### [Task directions]
Print the first line of the data below and every one after it, through the line containing "В родоме мы", exactly as written.

Items from a dataset
════

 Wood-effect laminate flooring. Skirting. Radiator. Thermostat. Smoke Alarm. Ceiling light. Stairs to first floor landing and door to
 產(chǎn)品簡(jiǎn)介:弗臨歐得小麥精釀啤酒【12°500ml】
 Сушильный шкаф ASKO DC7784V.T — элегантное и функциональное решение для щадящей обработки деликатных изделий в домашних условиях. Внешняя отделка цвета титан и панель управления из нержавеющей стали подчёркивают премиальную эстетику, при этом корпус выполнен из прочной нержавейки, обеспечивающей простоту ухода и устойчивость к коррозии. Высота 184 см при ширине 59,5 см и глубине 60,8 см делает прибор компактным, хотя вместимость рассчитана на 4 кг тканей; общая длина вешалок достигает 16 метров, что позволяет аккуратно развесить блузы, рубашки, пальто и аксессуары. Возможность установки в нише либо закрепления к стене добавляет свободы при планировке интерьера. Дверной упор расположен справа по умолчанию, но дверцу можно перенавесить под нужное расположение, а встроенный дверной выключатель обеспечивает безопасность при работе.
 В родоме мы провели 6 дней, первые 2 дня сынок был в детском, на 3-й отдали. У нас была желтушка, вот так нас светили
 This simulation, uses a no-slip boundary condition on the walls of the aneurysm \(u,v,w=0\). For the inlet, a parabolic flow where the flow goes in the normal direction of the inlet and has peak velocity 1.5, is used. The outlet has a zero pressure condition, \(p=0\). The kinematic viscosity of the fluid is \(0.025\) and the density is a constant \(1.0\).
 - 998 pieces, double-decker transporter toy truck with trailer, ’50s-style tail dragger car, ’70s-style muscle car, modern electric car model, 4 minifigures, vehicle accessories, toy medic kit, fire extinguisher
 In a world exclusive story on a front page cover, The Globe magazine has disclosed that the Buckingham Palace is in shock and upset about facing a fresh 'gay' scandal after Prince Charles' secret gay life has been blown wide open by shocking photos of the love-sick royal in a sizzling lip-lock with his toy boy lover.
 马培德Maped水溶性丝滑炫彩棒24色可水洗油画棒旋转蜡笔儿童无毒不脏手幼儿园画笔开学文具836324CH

════

### [Exercise answer]
 Wood-effect laminate flooring. Skirting. Radiator. Thermostat. Smoke Alarm. Ceiling light. Stairs to first floor landing and door to
 產(chǎn)品簡(jiǎn)介:弗臨歐得小麥精釀啤酒【12°500ml】
 Сушильный шкаф ASKO DC7784V.T — элегантное и функциональное решение для щадящей обработки деликатных изделий в домашних условиях. Внешняя отделка цвета титан и панель управления из нержавеющей стали подчёркивают премиальную эстетику, при этом корпус выполнен из прочной нержавейки, обеспечивающей простоту ухода и устойчивость к коррозии. Высота 184 см при ширине 59,5 см и глубине 60,8 см делает прибор компактным, хотя вместимость рассчитана на 4 кг тканей; общая длина вешалок достигает 16 метров, что позволяет аккуратно развесить блузы, рубашки, пальто и аксессуары. Возможность установки в нише либо закрепления к стене добавляет свободы при планировке интерьера. Дверной упор расположен справа по умолчанию, но дверцу можно перенавесить под нужное расположение, а встроенный дверной выключатель обеспечивает безопасность при работе.
 В родоме мы провели 6 дней, первые 2 дня сынок был в детском, на 3-й отдали. У нас была желтушка, вот так нас светили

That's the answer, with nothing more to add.